# Removing Oil Cap Causes Engine to run Rough



## rpdl62 (Aug 7, 2008)

When I remove the oil cap from my 2002 VW Passat 2.8L V6, while the engine is running, the engine "chugs" like it wants to stall. When I re-install the cap, the engine runs perfect once again. It seems to be sucking a lot of air with the cap removed. Is this normal??


----------



## shipo (Jan 3, 2006)

*Re: Removing Oil Cap Causes Engine to run Rough (rpdl62)*

Yes, completely normal. By removing the oil cap you are allowing air to enter the crank case, air that eventualy finds its way through the PCV system and into the intake manifold. Unfortunately that extra air hasn't been accounted for by the ECU, and so it throws the air/fuel ratio off, hence the rough operation.
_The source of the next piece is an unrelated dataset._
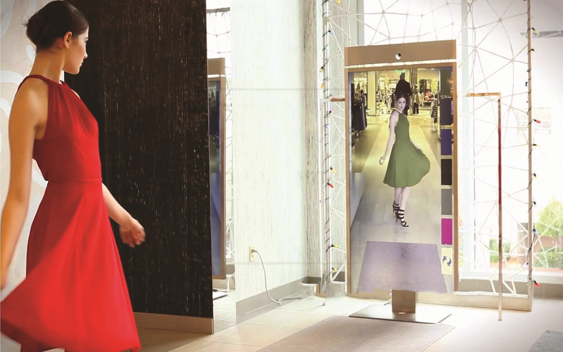 Еще одна удобная фишка современного шопинга — виртуальные примерочные. Процесс подбора гардероба нелегкий, особенно в зимнее время: снять сапоги и узкие джинсы не так-то просто и быстро. Высокие технологии позволяют решить эту проблему. Покупателю больше не надо прятаться за шторкой и переодеваться: он стоит перед интерактивным зеркалом, легкое движение руки — и на нем новый наряд. Можно любоваться во всех ракурсах, менять цвет, подбирать аксессуары, сделать селфи — и тут же выставить в соцсети, дабы услышать мнение общественности.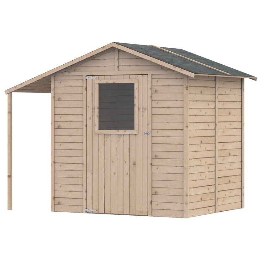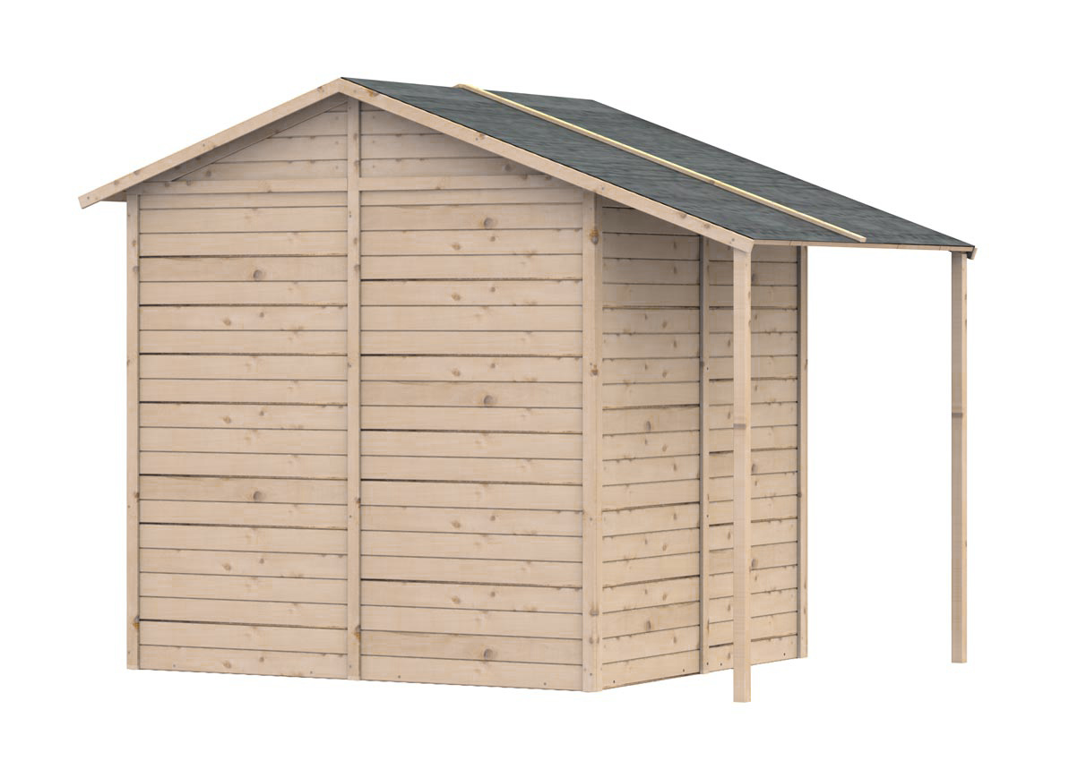 Découvrez notre nouvel abri de jardin en bois SARNY, avec bûcher intégré. Ce petit abri de jardin offre une surface hors tout de 4.6 m², ce qui vous dispense de déclaration de travaux. Il est toutefois assez spacieux afin de vous permettre de ranger votre tondeuse ainsi que tous vos outils de jardin, grâce à sa surface intérieure de 2.7m². Son auvent vous permettra de stocker votre bois de chauffage, ou encore des vélos. Il dispose d'une porte vitrée, de dimension L 82 x H 163 cm. La toiture est recouverte d'un feutre bitumeux. La conception en panneaux vous permettra un montage facile et rapide. Le bois étant brut, nous vous recommandons de le traiter et de le lasurer avant montage. Voici ses caractéristiques : Dimensions hors tout : L 256 x P 182 x H 202 cm Dimensions extérieures au sol : L 239 x P 179 cm Dimensions intérieures au sol : L 174 x P 156 cm Hauteur des murs : 163 cm Hauteur du faitage : 202 cm Fourni sans plancher. Livraison en 1 colis : Dimensions (LxlxH) : 183cm x 121cm x 31cm - Poids : 180,0kg

_Modified by shipo at 11:33 AM 8-7-2008_


----------



## rpdl62 (Aug 7, 2008)

*Re: Removing Oil Cap Causes Engine to run Rough (shipo)*

Thank you so much for the speedy reply. Having just had the Timing Belt, Belt Damper, Thermostat, Water Pump, Gas Tank, etc. replaced, I guess I am a little overly-causous because out of warranty repairs can be very costly! Thank you for putting my mind at ease!!


----------